The other day, a friend of mine shared some advice he received from a rabbi: “If your wife is giving you crap, you shouldn’t fight or complain, you should just accept it. It’s happening because God wants you to receive that crap. Do whatever she tells you.”
Now if you are in a healthy marriage, and are a typical guy, that might be OK marriage advice: after all, guys are notorious for things like leaving the toilet seat up, throwing their socks on the floor, etc.
HOWEVER — what if we reverse the situation and increase the intensity? If a woman was being physically abused, beaten by her husband, would we tell her to just take it, because God wants her to receive that crap? I don’t think most of us would dare go there.
The theology that everything happens because God willed it, and when we suffer the aggressor is simply “the rod of God,” punishing us because God has determined we deserve punishment, has been around at least 2,500 years. It has been around since Nebuchadnezzar destroyed the Jewish Temple in Jerusalem in 587 BCE.
That’s the same theology that was displayed when Rabbi Ovadiah Yosef famously said some years ago that all 6 million people who perished in the Shoah (Holocaust) were reincarnated sinners.
Sorry, I find that a repugnant theology. Free will trumps hashgacha pratit (the idea that God controls every detail that happens). The Holocaust did not happen because God wanted to punish the victims. The Holocaust happened because the Nazis were evil, and far too many people let them get away with their evil. The Nazis used their God-given free will in the most horrendous, abhorrent of ways.
The rabbis came up with that theology because they wanted to find meaning in their suffering. It’s a natural desire; if we can find meaning, at least the suffering serves some purpose. Some years ago, Marlene Marks wrote about her struggle with cancer in the Los Angeles Jewish Journal. She said “I’m tired of looking for meaning in my cancer. I just want to get better.”

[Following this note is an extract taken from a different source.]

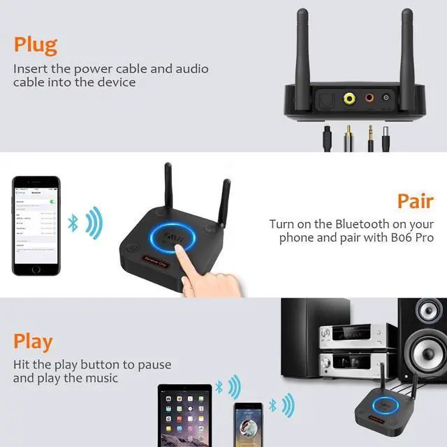 PLEASE NOTE BEFORE PURCHASINGB06Pro is only a BLUETOOTH RECEIVER, to give Bluetooth capabilities to an existing home stereo/powered speaker. ***NOT a Bluetooth transmitter. It CANNOT work with Bluetooth headphones and TVs.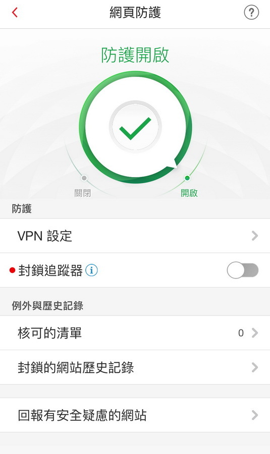 ▼ 趨勢科技安全 VPN 設定介面非常的簡單,甚至可以直接看 Wi-Fi 有無問題。

We will never “get better” from the horrors of the Holocaust. Nothing can make us whole; nothing can replace the 6 million lost souls (including some of my cousins).
This is not a time to seek meaning in the suffering. It’s a time to mourn, to reflect on what has been lost. It’s a time to remember.
May the memory of those who perished in the Holocaust live on forever.
PS: The advice I would give if your wife is giving you crap is to listen carefully. Don’t automatically become defensive and angry. Maybe you have done something wrong. Just as if you get sick, perhaps you should examine your lifestyle for things that might have contributed to the illness. But don’t blame your troubles on God. And don’t just take it if it’s not deserved.